Two weeks ago (see post below) we were in the storm, at night, tossed by waves and about to capsize, wondering how to get 180 people to a retreat in a country descending into protest-met-by-violent-suppression, wondering how to help our team leader from Congo who was dangerously ill with a severe post-influenza pneumonia needing medical evacuation, juggling some needs of other people we supervise going through trial and crisis, trying to support and connect with family at home after my nephew had a near-fatal motorcycle accident, all in the context of our newly pared-to-three Bundibugyo team bearing the weight of water and Christ School and nutrition and life. In that rocking chaos, we turned to Jesus with the same questions of the disciples long ago, are you awake? Do you care?

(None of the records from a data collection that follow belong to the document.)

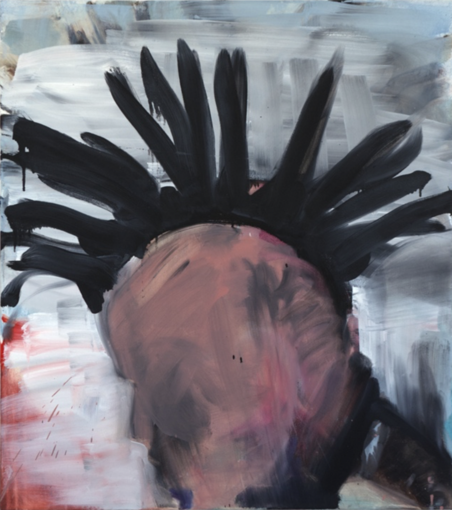 Schnell gezogene, unregelmäßige, dicke, schwarze Pinselstriche fächern sich auf um eine Fläche aus schwarz und rot verschmutztem Inkarnat. Dort, wo der frisch ins saße Schwarz getauchte Pinsel auftritt, laufen Farbtropfen die Leinwand herab. Den Hintergrund bildet helles Grau, das mit loser Bewegung von links nach rechts auf den Bildträger aufgebracht wurde. Darunter scheinen andere Farbschichten hindurch. Ganz links unten leuchtet ein Signal-Rot hervor. Am oberen Bildrand liegen helles Graublau und übermalte schwarze Linien unter dem schmutzig durchzogenen Hellgrau. – So in etwa ließe sich die 90 x 80 cm große, 2024 entstandene Malerei Dreamer beschreiben, würde man hier nicht zugleich auch den Kopf einer Person mit Irokesenfrisur erkennen. Die Malereien der 1989 in Jewpatorija auf der Krim geborenen Künstlerin Ryta Miskevych, die 2011 zum Studium nach Deutschland kam, laden stets zu einem Sehen im doppelten Sinne ein. Sie beschäftigen zum einen das Auge durch gesetzte Farbereignisse und sind zum anderen Abbilder einer meist nur schemenhaft erkennbaren, aber gleichwohl vertraut erscheinenden Wirklichkeit.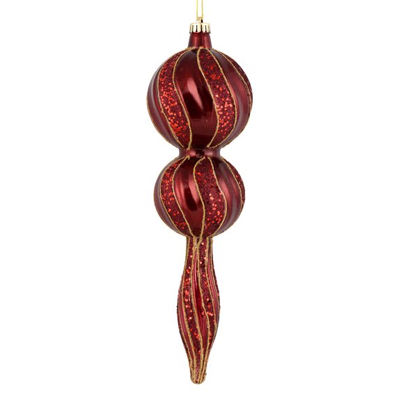 Vickerman 16.5" Wine Candy Glitter Finial. Create a beautiful holiday arrangement with this large Candy finial that features glitter accents. Made with shatterproof plastic. Ornament has a drilled cap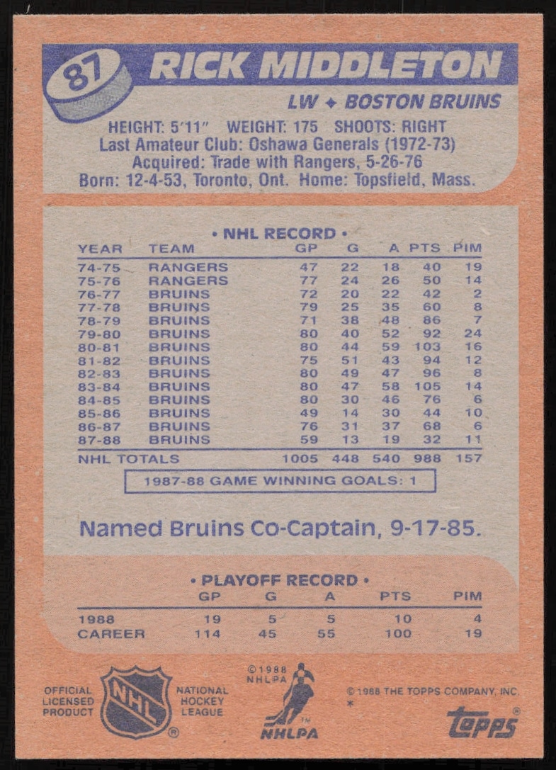 This Hockey card, from 1988-89 is part of the Topps card set. Rick Middleton is featured and has a card number of 87.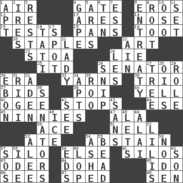 ACROSS 1. Wind 4. Yard entry 8. Greek god of love 12. Before (prefix) 13. Ancient Greek god of war 14. Characteristic smell of wine 15. Trials 18. Zero-star reviews 19. A blast of a horn 20. Paper fasteners 22. Tate display 23. Portico 24. Falsehood 25. It would 26. Legislator 30. Epoch 33. Tall tales 36. Musical group of three 37. Auction offers 39. Luau course 40. Shout 41. Double curve, resembling the letter S 42. Closes up, plugs up 44. Compass dir. 45. Simpletons 47. Wing 50. Adept person 51. 1994 drama film starring Jodie Foster 53. Had dinner 54. Refrain by choice 57. Grain storage tower 59. Otherwise 61. Grain storage towers 63. Baltic tributary 64. Capital of the state of Qatar 65. Wedding promise 66. Perceives with the eye 67. Broke a traffic law 68. Elected rep. DOWN 1. Fitting 2. Angers 3. Musical pauses 4. Open wide 5. Ancient river in northeast Turkey 6. Nine, plus one 7. Double-curved letter 8. Plea 9. Carrot, for example 10. Bear (Spanish) 11. Put into a specified state 16. Jacques of French films 17. Specific locale 21. Kenny Rogers chart-topper in '80 22. The 18th letter of the Arabic alphabet 24. French article 26. Clip 27. Relationship diagram 28. Petroleums 29. Hero or heavy, e.g. 30. Inky black, to poets 31. Swiss mountan, "Queen of the Mountains" 32. Arabian gulf 34. Tenement units (abbr.) 35. Friend of Pooh 38. Elected representatives 42. Observe 43. Without 46. Frozen water 48. Allows 49. Mountain range southwest of Kyrgyzstan 52. Ms. Damita and namesakes 53. Toward shelter 54. American tennis player Robert 55. Necklace unit 56. Connecting point 57. Distress signal 58. Binary compound 59. Begley and Asner 60. Chop off 62. Male offspring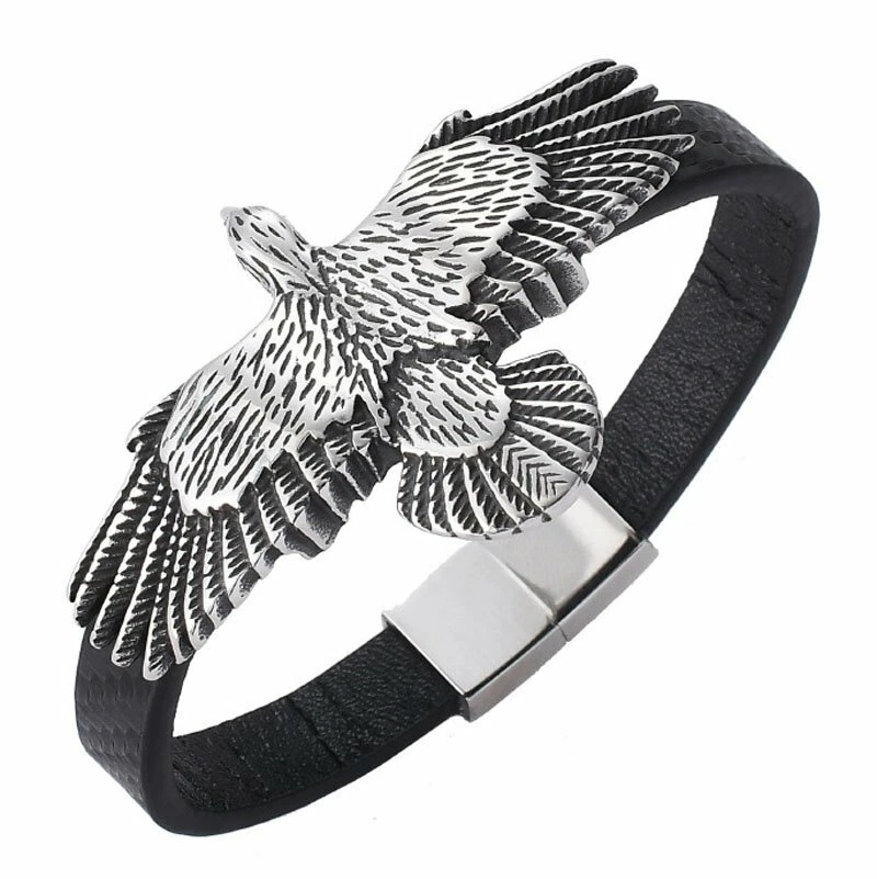 Leather Winged Eagle Stainless Steel Bracelet: Embodying Freedom and Strength

And we asked you to pray.
You did, and Jesus was with us.
The retreat was rich and full, Anna was discharged from the hospital yesterday, and my nephew is on his long road to recovery . . . we are grateful for all of that. But the image that came to me today is not a smooth lake with gentle sunshine, far from it. Rather, a boat in a current that is the Spirit moving us into the veiled future, still asking for faith, still gripping the sides, out of the storm but into the stream.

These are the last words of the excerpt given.